ファーゼストに来れば、噂に名高い名領主が救ってくれると本気で信じていた。
……もしかしたら、悪魔か何かが、私にそう囁いたのかも知れない。
そんな私の苦悩を余所に、目の前の男は何かを思い付いたのか、不敵な笑みを浮かべながら口を開いた。
「そうだ、いい案を思い付いた。ドクイモなら我が領にもたくさんある。それで餓えを凌いでは如何か?」
「ドクイモだと?」
この男は、ドクイモと言ったか?
正気か!?
毒を持ち、地方によっては悪魔の植物とも言われるドクイモを平気で食せと言うのか!?
「食べられない物でもないだろう?」
確かに、確かに食べられない事はない。
気を付けて食べれば、腹痛ぐらいで済むかもしれんが、アレは家畜の餌だ。
私は、民に豚の餌を食えと言わねばならぬのか……
「ぐぬぬ……」
果たして我が領民は、そうまでして生き長らえたいと思うだろうか?
分からぬ。
私は領主として、この提案を受けるべきなのだろうか…………
悩む私に、目の前の男はこう呟いた。
「冬を越せない家畜は、潰すしかなかろう。潰すかどうか、貴様の好きにするがいい。」
それは悪魔の囁きだったのかもしれない。
潰す?
我が民を家畜のように他家へ出荷すると言うのか?
モロー伯爵が言ったように、民を差し出して生き長らえようというのか?
そんな事が認められるか!
そんな事をさせるものか!
この時、私は覚悟を決めた。
我が民に何と思われようが構わない、何と罵倒されようが構わない。
飢えで死なすぐらいなら、他家に売るぐらいなら、私は豚の餌を食えと民に命じよう。
我が民の明日を守れるのならば、私は喜んで命じよう。
「…………それ以外に方法は無いか。ルドルフ殿、お願いできますかな?」
私は、これから自身に向けられるであろう、罵声を思いながら、そう言った。
「ドクイモは、我が領でも処分に困っていたところだ。格安で譲ろう。……ヨーゼフ、後は任せる。」
「はっ、お任せ下さいませ。それでは別室にてご案内をさせて頂きます。どうぞこちらへ。
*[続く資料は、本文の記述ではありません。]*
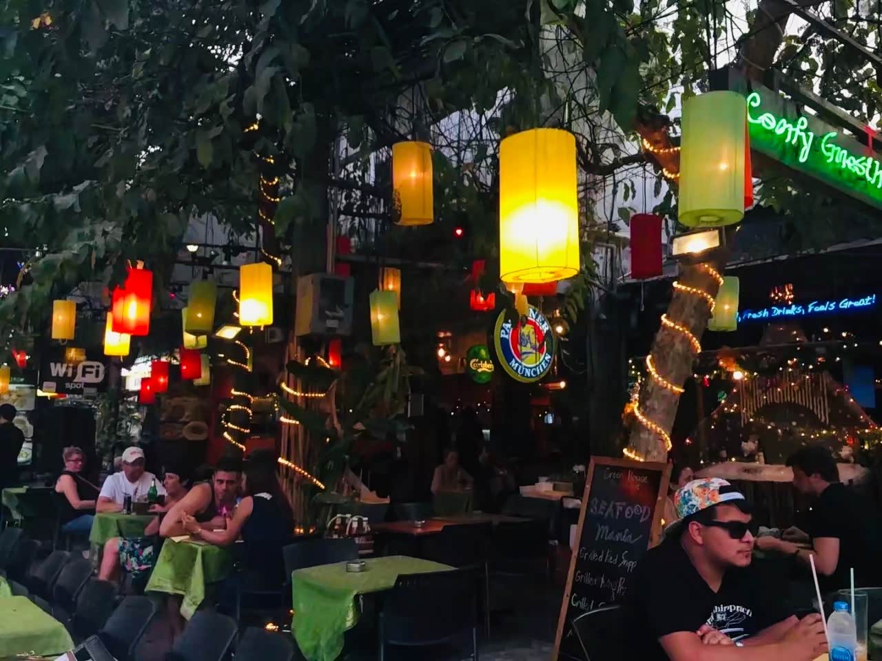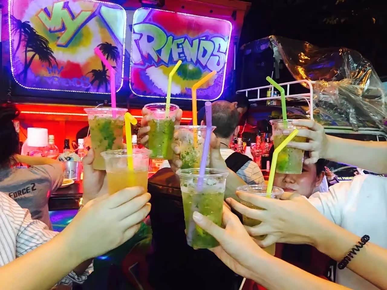 吃饱回到酒店,正好是落日时分,在酒店外的沙滩上看看日落散散步,去礁石拍拍照,旅行大概就是如此吧。晚餐过后去逛逛芭提雅的夜市,路边一排排都是小酒吧,很多老外在这里聚会。
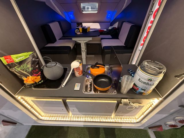 Webasto GasOil Standheizung, Kühlschrank, Heckküche, Große Heckstauklappe, Stoßdämpfer, 100KmH Zulassung, Inkl. Festivalausstattung
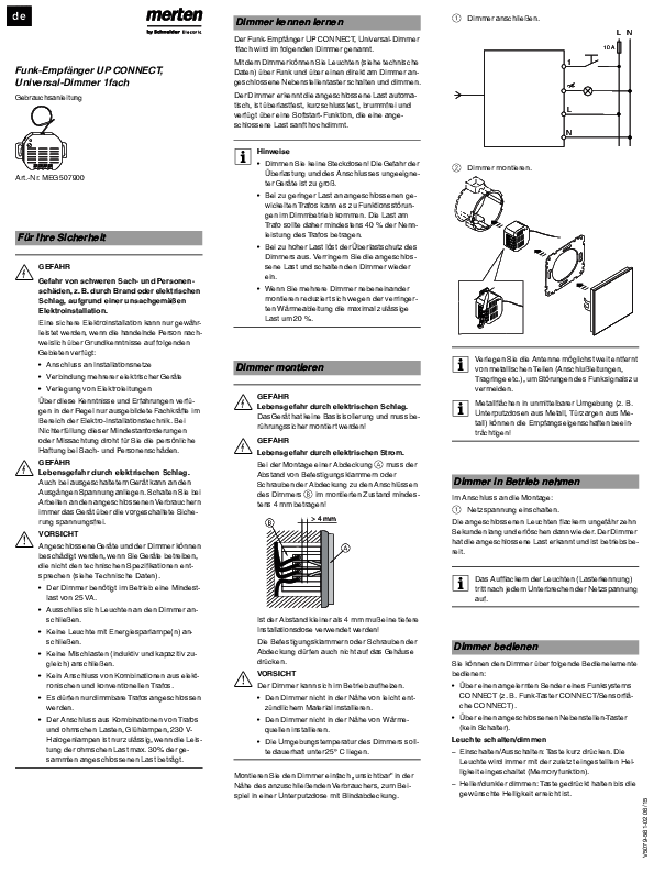 Gebrauchsanleitung Funk-Empfänger UP CONNECT, Universal-Dimmer 1fach

」
そう言って案内する家令の後に続いて、私は部屋を去る。
辺境の館とは思えない程の長い廊下を歩いて、数分もした頃だろうか。
案内された部屋は、どうやら私に宛てられた客室のようだった。
そこは、私程度の田舎貴族には、勿体無い程の豪華な部屋であったが、ファーゼスト家の中ではこれでも最低限の部屋なのであろう。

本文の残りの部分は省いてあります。